Решив, что старательный мальчик взял работу на дом, Леша приготовился отругать практиканта за то, что тот унес дело без спросу, и простить по выполнении задания, но практикант ни сам, ни в обнимку с делом так и не объявился.
Окольными путями установили его домашний телефон, который не отвечал.
Лешка провел не самую спокойную ночь в своей жизни, а утром уже собрался ехать к практиканту домой, как вдруг ему позвонили из очень шикарной бани и спросили, не он ли следователь Горчаков, и не терял ли он уголовное дело. И даже любезно предложили привезти в прокуратуру это самое дело, забытое в шкафчике раздевалки в сауне. И привезли. И довольно насмешливо на Лешку смотрели.
. Лешка не стал ничего объяснять, принял весь позор на себя, сердечно поблагодарил любезного банщика и бережно спрятал дело в сейф на самую дальнюю полочку.
А к обеду появился весьма помятый Игорек Денщиков и, дыша перегаром в сторону, извинился, что опоздал. Лешка терпеливо ждал продолжения: признания в содеянном и публичного покаяния с разрыванием на груди рубахи, — но ничего такого не последовало. Практикант присел в уголочке и принялся выписывать повестки по другому делу, стараясь привлекать к себе как можно меньше внимания.
Горчаков решил тоже проявить характер и не стал спрашивать практиканта про дело.
Он молчал, и практикант молчал, как набрав в рот воды.
Мы все с интересом следили за развитием событий и гадали, кто не выдержит первым. Практикант оказался выносливее, не выдержал старший следователь Горчаков и ядовито спросил, где дело, которое было дадено практиканту для составления описи.
Игорек Денщиков поднял невинные глаза и удивленно ответил:
— Как где, Алексей Евгеньевич? Я же вам его отдал, вы его в сейф положили!
Оно у вас в сейфе так и лежит.
Лешка тут же потерял лицо, крыть было нечем, с глупейшим видом он подошел к сейфу, а наглый практикант провожал его глазами и даже позволил себе заметить: «Ну вот видите, вы просто забыли».
На этом практика Денщикова на следствии закончилась, он был быстренько сослан на общий надзор, а когда они с Горчаковым сталкивались в прокуратуре или тот, не дай Бог, заходил в кабинет к Горчакову, бедный Лешка бдительно следил за каждым его шагом и ни на секунду не выпускал его из поля зрения.

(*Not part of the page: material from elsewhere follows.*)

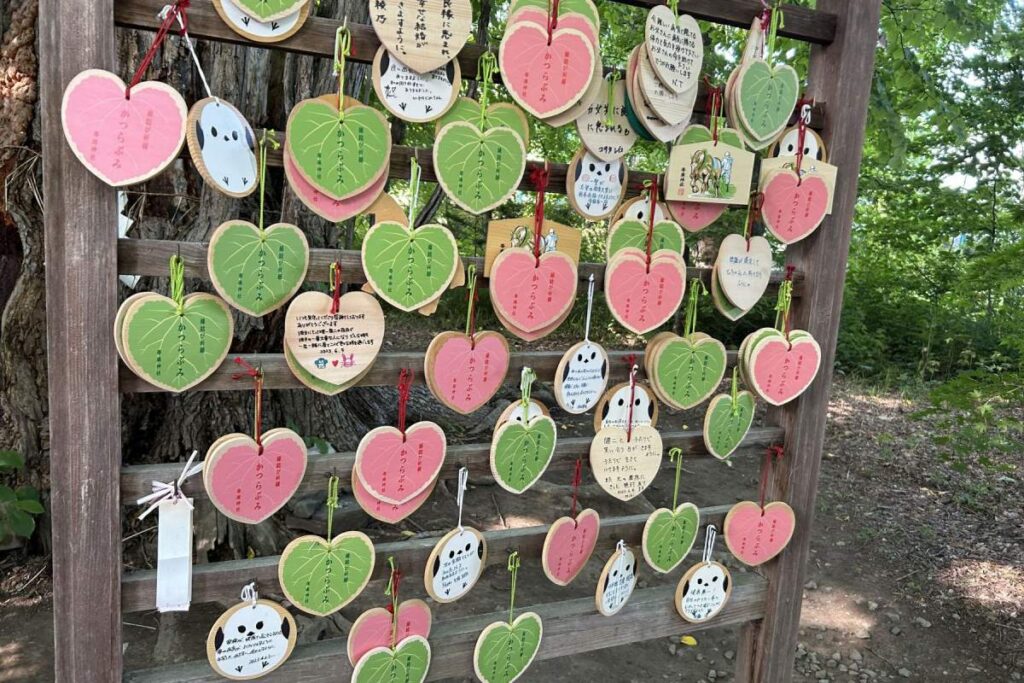 4月下旬から10月末の間のみ、授与される縁結びの絵馬があります。帯広神社の境内には、ハート形の葉が特徴のカツラの木があることから、カツラの葉が茂るこの時期だけの限定です。東側の休憩所の裏にあるカツラの木の前の結びどころに、たくさんのハートがぶら下がっていました。緑色とピンク色があります。普段は緑色ですが、満月の日だけはピンク色が授与されるそうです。

Тем не менее этот случай сошел Денщикову с рук, наказать практиканта да и вообще как-то обнародовать происшедшее, не подставляя себя, Лешке было невозможно.

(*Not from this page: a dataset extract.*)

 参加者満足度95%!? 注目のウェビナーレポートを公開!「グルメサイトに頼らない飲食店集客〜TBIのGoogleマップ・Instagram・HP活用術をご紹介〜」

Игорек Денщиков благополучно закончил высшее учебное заведение, поработал года полтора следователем в одной из районных прокуратур и каким-то непостижимым образом попал в аппарат городской прокуратуры, в методико-криминалистический отдел.
Как-то раз он приехал ко мне с интересным сообщением: девушка его знакомого в разговоре с ним случайно обмолвилась, что была свидетелем убийства в баре; он выяснил в убойном отделе главка, что это убийство так и не раскрыто, дело находится у меня в производстве, и он просит дать ему это дело на пару дней — он разберется в ситуации, проверит, что именно девица знает о происшествии, может ли кого-то опознать, попытается ее разговорить, и, чем черт не шутит, может, мы с ним на пару раскроем это дело.
Как любит выражаться один мой пожилой родственник: «Когда прокурор говорит „Садитесь», как-то неудобно стоять». Когда прокурор-криминалист просит позволить ему ознакомиться с делом, как-то неудобно ему отказывать… По всему получалось, что постреляли в баре вертолетовские ребята, и мне хотелось найти этому подтверждение.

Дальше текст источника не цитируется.